◆ TASK ITEM
Transcribe the listing underneath, keeping each word exact and omitting the images.

◆ DATA EXCERPT

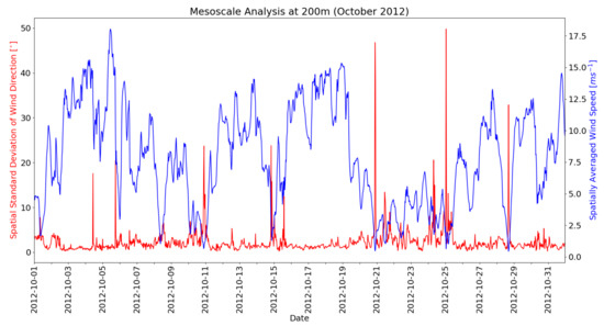 For this purpose, a grid of three by three grid cells around the Rödeser Berg site was extracted from NEWA, for which the innermost four cells overlap with the size of the micro-scale domain. Over these nine grid cells, the spatial standard deviation of the wind direction as well as the spatially averaged wind speed from the same grid cells are calculated for a full wind climate in 2012. October 2012 is plotted in Figure 6. This time window includes a situation with both a strong change in wind direction together with a high wind speed on 5 October 2012 at 1800 UTC (see Figure 6).
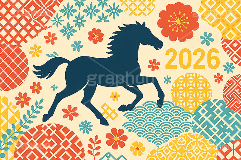 キーワード 午年シンプルイラスト, 和柄, 花柄, 馬イラスト, , , うま, ウマ, 午年, 干支, 正月, お正月, 年賀状, 2026午年, 2026, 午年年賀状, 新年, シルエット, ニューイヤー, アニバーサリー, イラスト, illustration, japan, horse, silhouette,
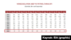 EIA verilerine göre geçen yıl ABD’ye yaptığı petrol ihracatı, her ne kadar 2018’deki miktardan yüzde 73,74 daha az olsa da Venezuela, dünyanın en çok büyük petrol alıcılarından olan ABD’ye, geçen yıl en çok petrol ihracatı yapan sekiz ülke arasına girdi.
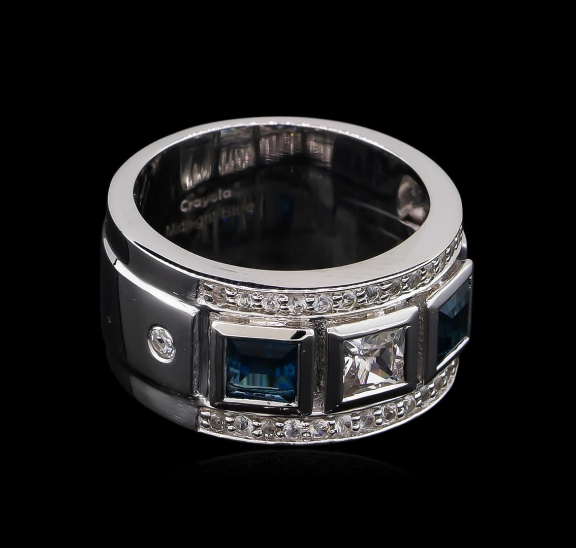 From the brand whose products have inspired creative expression for more than 110 years comes this beautiful ring by Crayola. This stunning piece of jewelry reflects the image and colorful personality of the Crayola brand. The ring features .925 Silver With Rhodium weighing 6.3 grams containing 9mm Pipe Cut Ring Midnight Blue London Blue Topaz (AAA) Square 4.00mm - 2Pcs + Natural White Sapphire Square (AAA) 4.00mm - 1 pc + Natural White Sapphire Round 2.00mm - 2Pcs + Natural White Sapphire Round 1.20mm - 24Pcs ( With J BACK ). Total Blue Topaz weight is 0.54. Total white sapphire weight is approximately 0.66.

◆ EXERCISE SOLUTION
 For this purpose, a grid of three by three grid cells around the Rödeser Berg site was extracted from NEWA, for which the innermost four cells overlap with the size of the micro-scale domain. Over these nine grid cells, the spatial standard deviation of the wind direction as well as the spatially averaged wind speed from the same grid cells are calculated for a full wind climate in 2012. October 2012 is plotted in Figure 6. This time window includes a situation with both a strong change in wind direction together with a high wind speed on 5 October 2012 at 1800 UTC (see Figure 6).
 キーワード 午年シンプルイラスト, 和柄, 花柄, 馬イラスト, , , うま, ウマ, 午年, 干支, 正月, お正月, 年賀状, 2026午年, 2026, 午年年賀状, 新年, シルエット, ニューイヤー, アニバーサリー, イラスト, illustration, japan, horse, silhouette,
 EIA verilerine göre geçen yıl ABD’ye yaptığı petrol ihracatı, her ne kadar 2018’deki miktardan yüzde 73,74 daha az olsa da Venezuela, dünyanın en çok büyük petrol alıcılarından olan ABD’ye, geçen yıl en çok petrol ihracatı yapan sekiz ülke arasına girdi.
 From the brand whose products have inspired creative expression for more than 110 years comes this beautiful ring by Crayola. This stunning piece of jewelry reflects the image and colorful personality of the Crayola brand. The ring features .925 Silver With Rhodium weighing 6.3 grams containing 9mm Pipe Cut Ring Midnight Blue London Blue Topaz (AAA) Square 4.00mm - 2Pcs + Natural White Sapphire Square (AAA) 4.00mm - 1 pc + Natural White Sapphire Round 2.00mm - 2Pcs + Natural White Sapphire Round 1.20mm - 24Pcs ( With J BACK ). Total Blue Topaz weight is 0.54. Total white sapphire weight is approximately 0.66.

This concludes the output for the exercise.